___ THE RECORDS

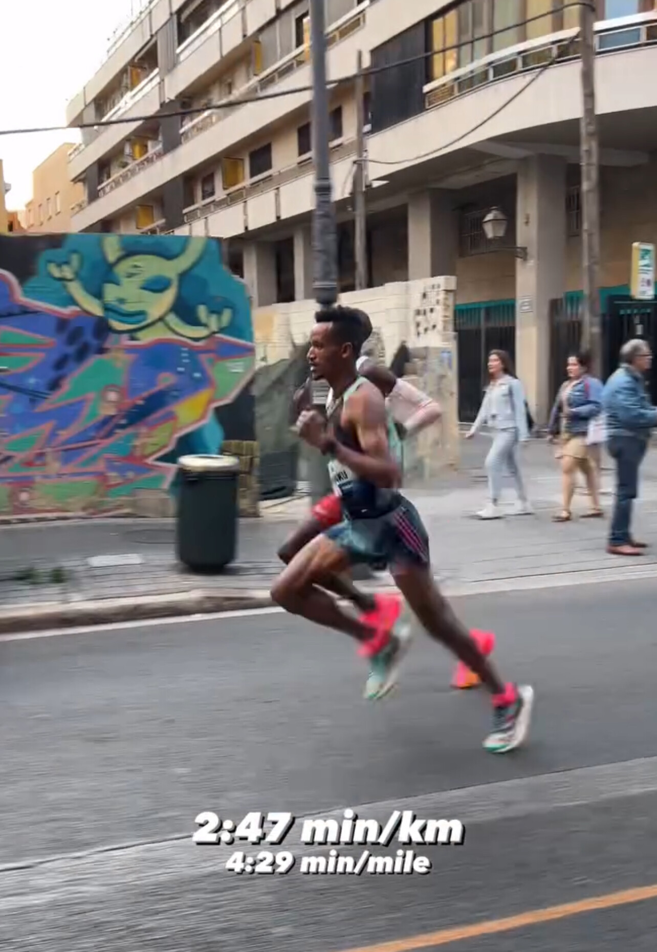 The lead pack continued at a steady 2:45/2:46 kilometre pace to reach 3km in 8:17 and halfway in 13:46. By then the lead group was still large and led by 40-year-old Spaniard Ayad Lamdassem.
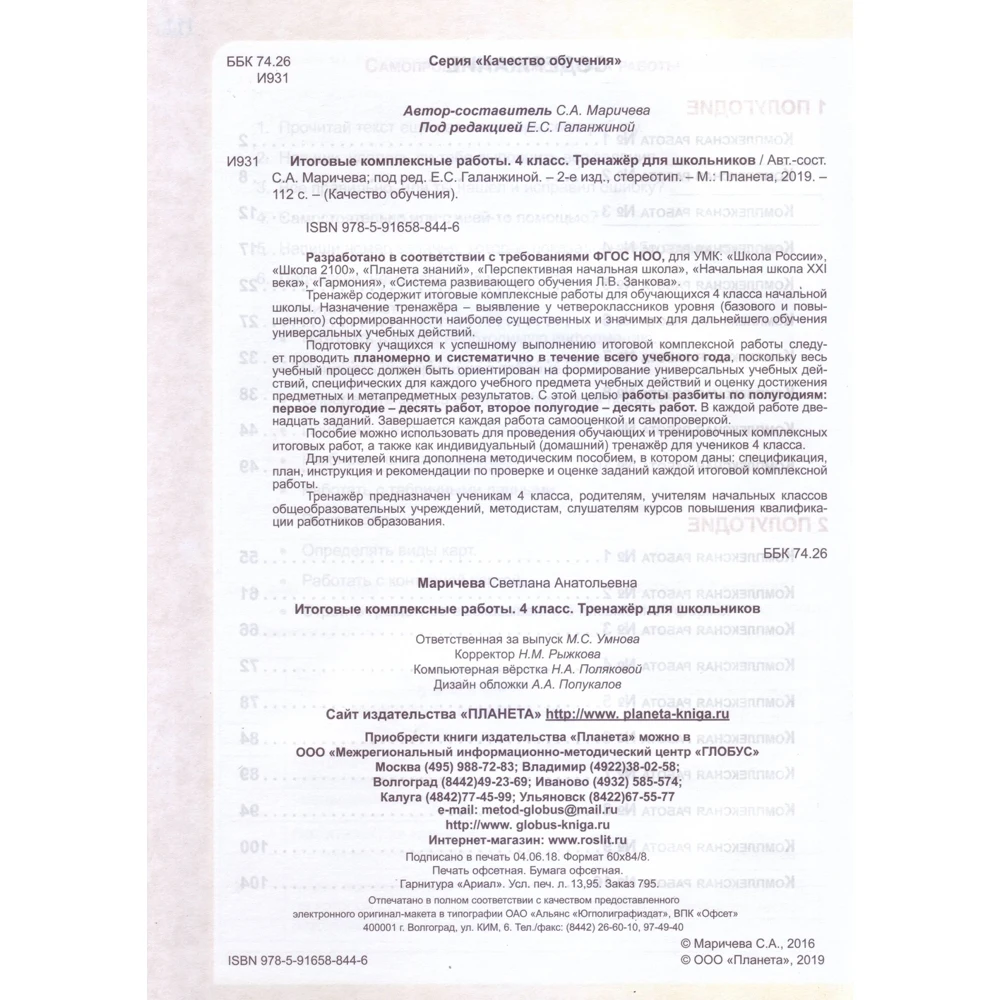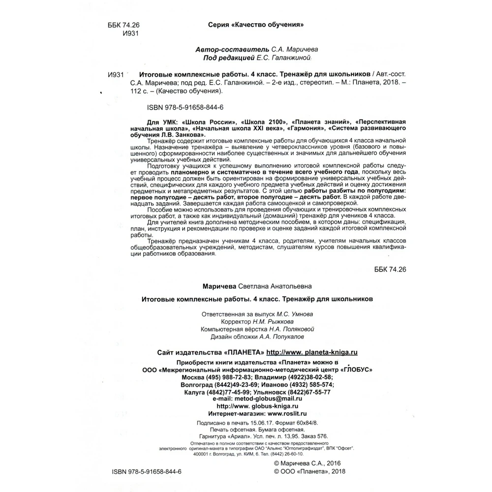 Для УМК: «Школа России», «Школа 2100», «Планета знаний», «Перспективная начальная школа», «Начальная школа XXI века», «Гармония», «Система развивающего обучения Л.В. Занкова». Тетрадь содержит итоговые комплексные работы для обучающихся 4 класса начальной школы. Назначение тетради – выявление у выпускников начальной школы уровня (базового и повышенного) сформированности наиболее существенных и значимых для дальнейшего обучения универсальных учебных действий. Тетрадь может использоваться для проведения обучающих и тренировочных комплексных итоговых работ, а также как индивидуальный (домашний) тренажер для учеников 4 класса. Для учителей тетрадь дополнена методическим пособием, в котором для каждой работы даны: спецификация, план, рекомендации по проверке и оценке, инструкция по проверке и оценке заданий.
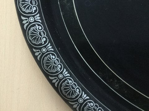 Antik, oval lakeret metal bakke. Sortlakeret dekoreret med kineserier i hvidt og perlemor. Smuk sølv frise rundt kanten. Antagelig England 19. årh. 50x61
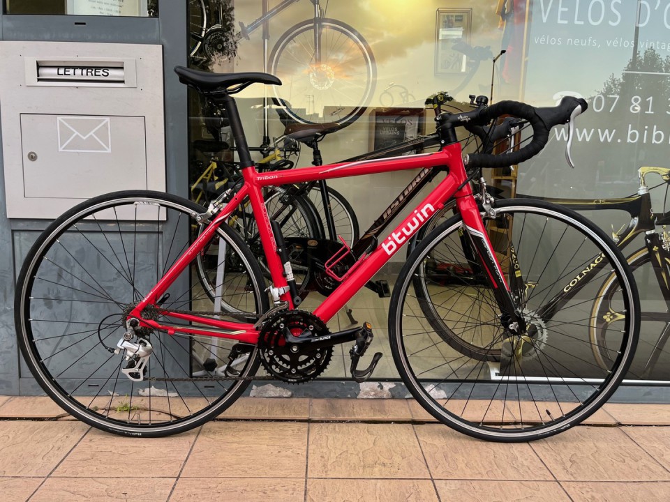 Vélo de course B'TWIN TRIBAN 3 - Taille M 54 - 3x8 vitesses - État visuel: 9/10 - Vélo de course, dans un état proche du neuf. Vélo léger en aluminium avec fourche carbone équipements Shimano. Avec son triple plateau vous passerez partout. Vélo léger et réactif, idéal pour s'initier au vélo de course - Prix: 320€ (220€ avec les aides Toulouse Métropole) + 10€ marquage vélo
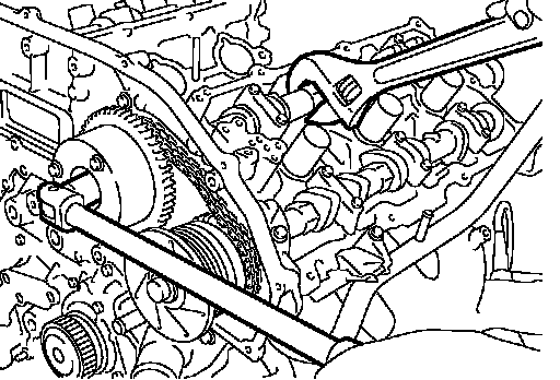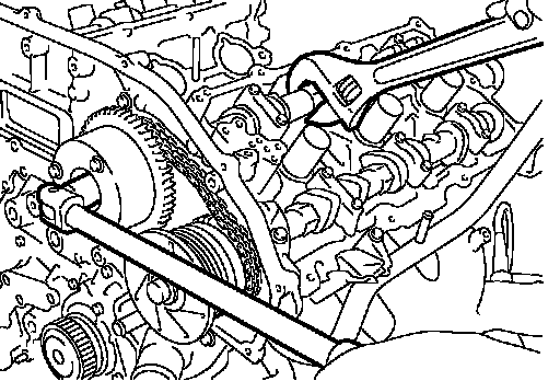 ^ Secure the hexagonal portion of camshaft using wrench to loosen mounting bolts.
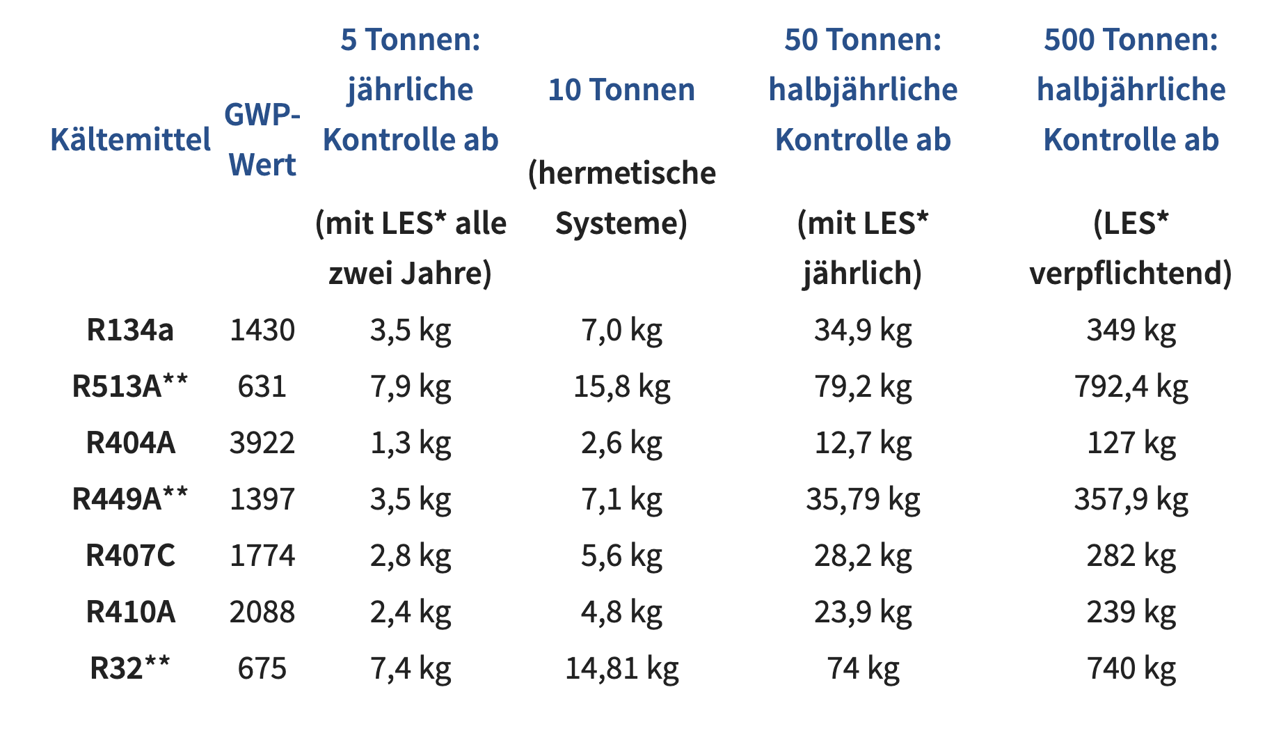 Anderes Beispiel: Eine Anlage ist mit 241 kg R410A gefüllt. Das GWP von R410A beträgt 2088. Multipliziert mit 241 kg ergibt sich ein CO2-Äquivalent von 503.208 kg also 503,2 t. -> Nach neuer Gesetzeslage ist damit die Anlage theoretisch vierteljährlich zu prüfen. Da sie gleichzeitig zwingend mit einem Leckage- Erkennungssystem auszustatten ist, halbiert sich diese Frist und die Anlage ist halbjährlich zu prüfen.
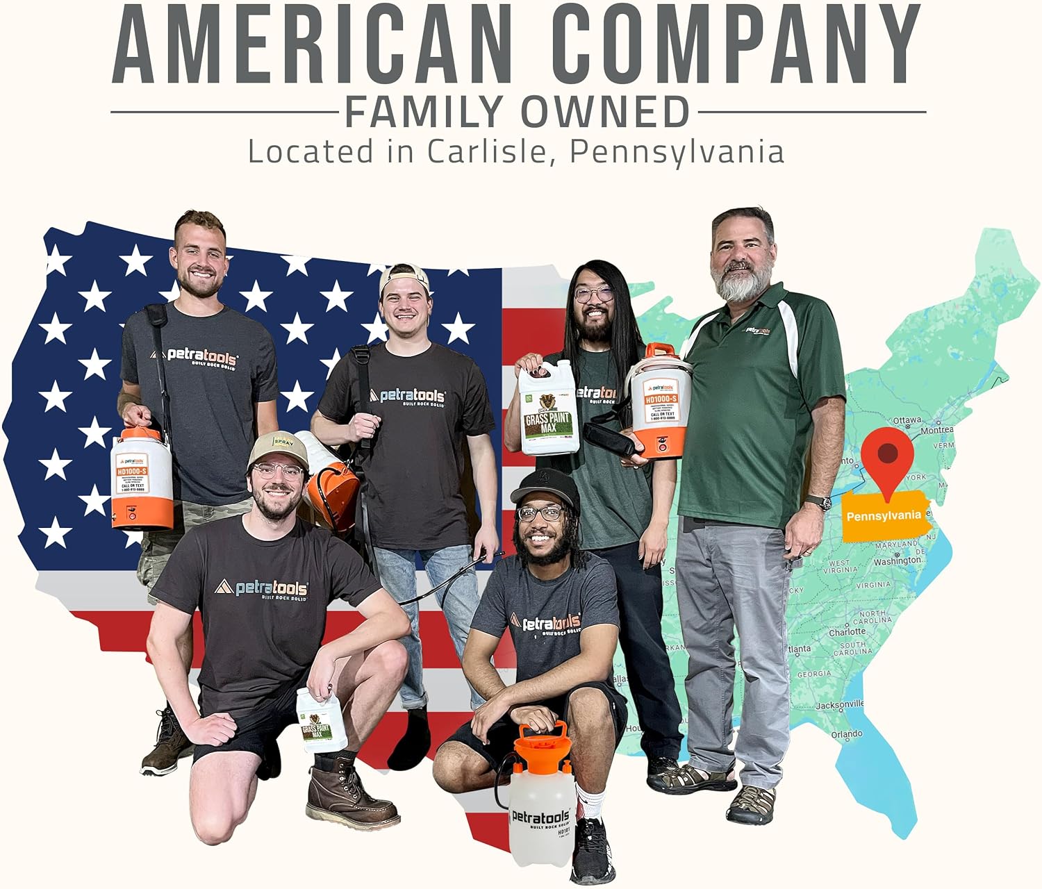 - American Family-Owned Company & USA Support: PetraTools is a USA-based company located in Carlisle, Pennsylvania. All PetraTools products have a 100% satisfaction guarantee and excellent USA customer service members waiting by the phone to answer any questions you may have. PetraTools continues to work hard to deliver top-quality sprayers & solutions to keep your home, lawn, and places of business clean, green, and safe.
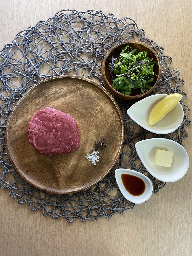 『ロゼ色ステーキのバター醤油添え』
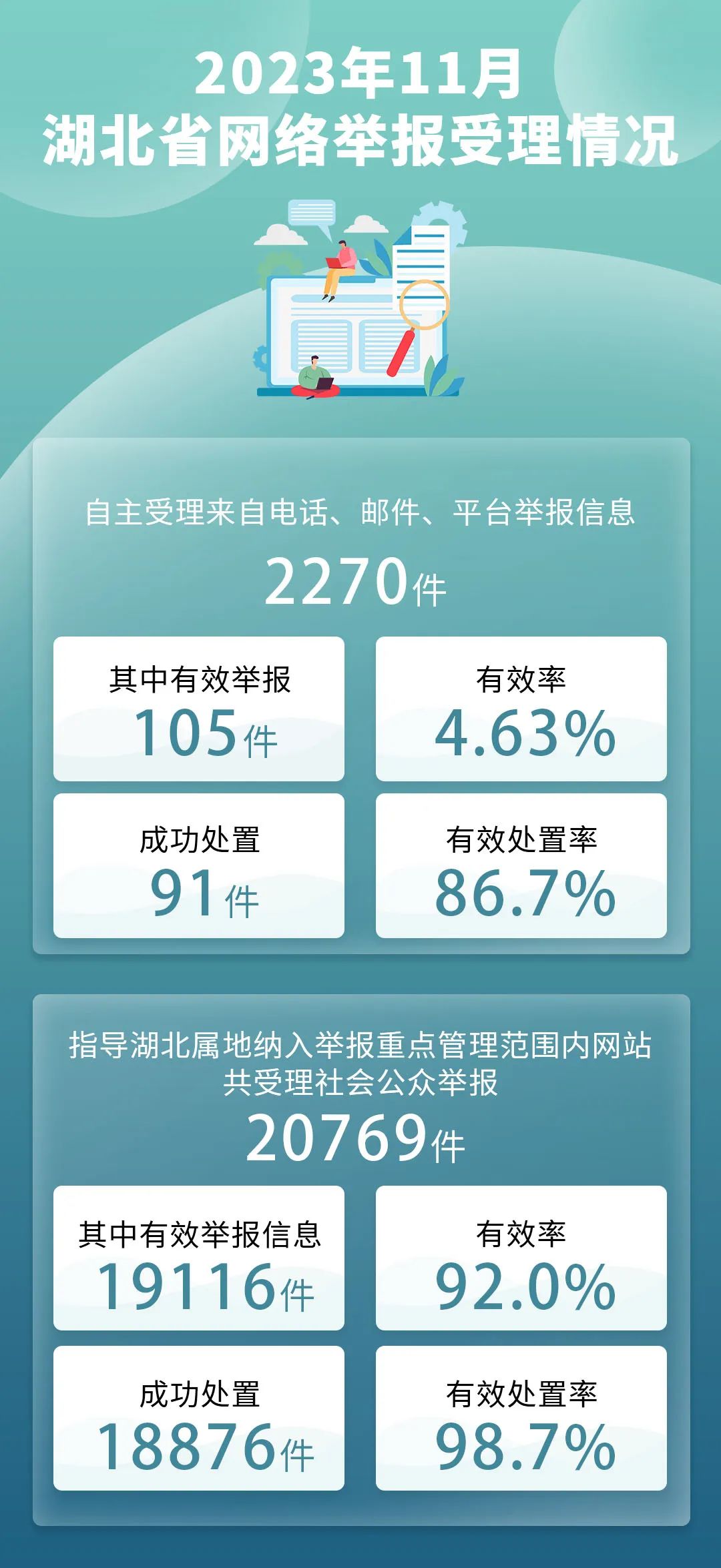 11月份,湖北省互联网违法和不良信息举报中心自主受理来自电话、邮件、平台举报信息2270件,其中有效举报105件,有效率4.63%,成功处置91件,有效处置率86.7%;指导湖北属地纳入举报重点管理范围内网站共受理社会公众举报20769件,其中有效举报信息19116件,有效率92.0%,成功处置18876件,有效处置率98.7%。
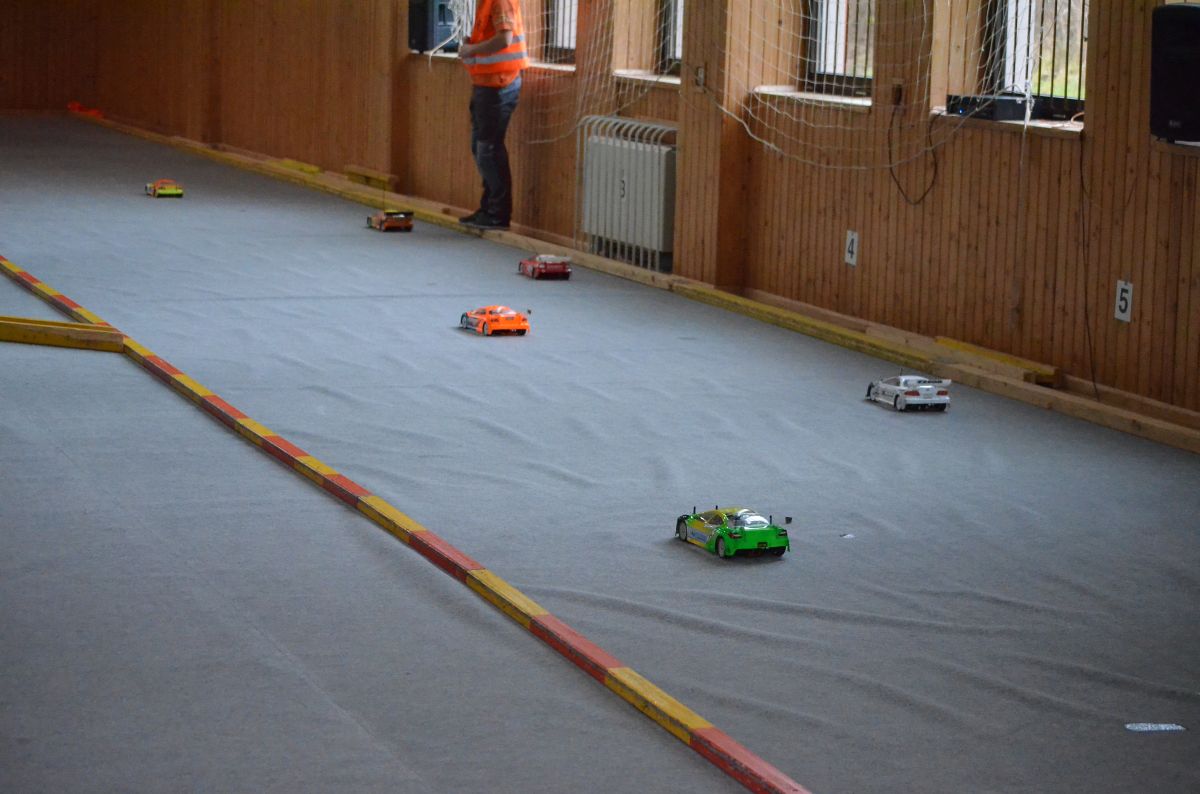 Vo voľných chvíľach, keďže okrem mazania pneumatík a nabíjania dvojčlánku 800 mAh som nemal inú robotu, som sa pokúšal fotografovať modely na trati. Opäť som si doniesol zrkadlovku Nikon D5100 a venoval sa nácviku panningu. To je metóda, ako aj v mizerných svetelných podmienkach vyfotiť ostré auto na rozmazanom pozadí. Skúšal som rôzne časy, s bleskom aj bez blesku, ale ako povedal Paľo, panning je o rukách a aj tu sa mám čo učiť. No pár fotiek sa mi podarilo. A keďže na preteku neboli bratia Hlavajovci, ktorí mi občas strčia do ruky ich nikona, tak dnes vám musia stačiť moje fotky 😉

______

ASSIGNED TASK: A verbatim copy of every entry above, with no pictures, is the expected output.

TASK RESPONSE:
 The lead pack continued at a steady 2:45/2:46 kilometre pace to reach 3km in 8:17 and halfway in 13:46. By then the lead group was still large and led by 40-year-old Spaniard Ayad Lamdassem.
 Для УМК: «Школа России», «Школа 2100», «Планета знаний», «Перспективная начальная школа», «Начальная школа XXI века», «Гармония», «Система развивающего обучения Л.В. Занкова». Тетрадь содержит итоговые комплексные работы для обучающихся 4 класса начальной школы. Назначение тетради – выявление у выпускников начальной школы уровня (базового и повышенного) сформированности наиболее существенных и значимых для дальнейшего обучения универсальных учебных действий. Тетрадь может использоваться для проведения обучающих и тренировочных комплексных итоговых работ, а также как индивидуальный (домашний) тренажер для учеников 4 класса. Для учителей тетрадь дополнена методическим пособием, в котором для каждой работы даны: спецификация, план, рекомендации по проверке и оценке, инструкция по проверке и оценке заданий.
 Antik, oval lakeret metal bakke. Sortlakeret dekoreret med kineserier i hvidt og perlemor. Smuk sølv frise rundt kanten. Antagelig England 19. årh. 50x61
 Vélo de course B'TWIN TRIBAN 3 - Taille M 54 - 3x8 vitesses - État visuel: 9/10 - Vélo de course, dans un état proche du neuf. Vélo léger en aluminium avec fourche carbone équipements Shimano. Avec son triple plateau vous passerez partout. Vélo léger et réactif, idéal pour s'initier au vélo de course - Prix: 320€ (220€ avec les aides Toulouse Métropole) + 10€ marquage vélo
 ^ Secure the hexagonal portion of camshaft using wrench to loosen mounting bolts.
 Anderes Beispiel: Eine Anlage ist mit 241 kg R410A gefüllt. Das GWP von R410A beträgt 2088. Multipliziert mit 241 kg ergibt sich ein CO2-Äquivalent von 503.208 kg also 503,2 t. -> Nach neuer Gesetzeslage ist damit die Anlage theoretisch vierteljährlich zu prüfen. Da sie gleichzeitig zwingend mit einem Leckage- Erkennungssystem auszustatten ist, halbiert sich diese Frist und die Anlage ist halbjährlich zu prüfen.
 - American Family-Owned Company & USA Support: PetraTools is a USA-based company located in Carlisle, Pennsylvania. All PetraTools products have a 100% satisfaction guarantee and excellent USA customer service members waiting by the phone to answer any questions you may have. PetraTools continues to work hard to deliver top-quality sprayers & solutions to keep your home, lawn, and places of business clean, green, and safe.
 『ロゼ色ステーキのバター醤油添え』
 11月份,湖北省互联网违法和不良信息举报中心自主受理来自电话、邮件、平台举报信息2270件,其中有效举报105件,有效率4.63%,成功处置91件,有效处置率86.7%;指导湖北属地纳入举报重点管理范围内网站共受理社会公众举报20769件,其中有效举报信息19116件,有效率92.0%,成功处置18876件,有效处置率98.7%。
 Vo voľných chvíľach, keďže okrem mazania pneumatík a nabíjania dvojčlánku 800 mAh som nemal inú robotu, som sa pokúšal fotografovať modely na trati. Opäť som si doniesol zrkadlovku Nikon D5100 a venoval sa nácviku panningu. To je metóda, ako aj v mizerných svetelných podmienkach vyfotiť ostré auto na rozmazanom pozadí. Skúšal som rôzne časy, s bleskom aj bez blesku, ale ako povedal Paľo, panning je o rukách a aj tu sa mám čo učiť. No pár fotiek sa mi podarilo. A keďže na preteku neboli bratia Hlavajovci, ktorí mi občas strčia do ruky ich nikona, tak dnes vám musia stačiť moje fotky 😉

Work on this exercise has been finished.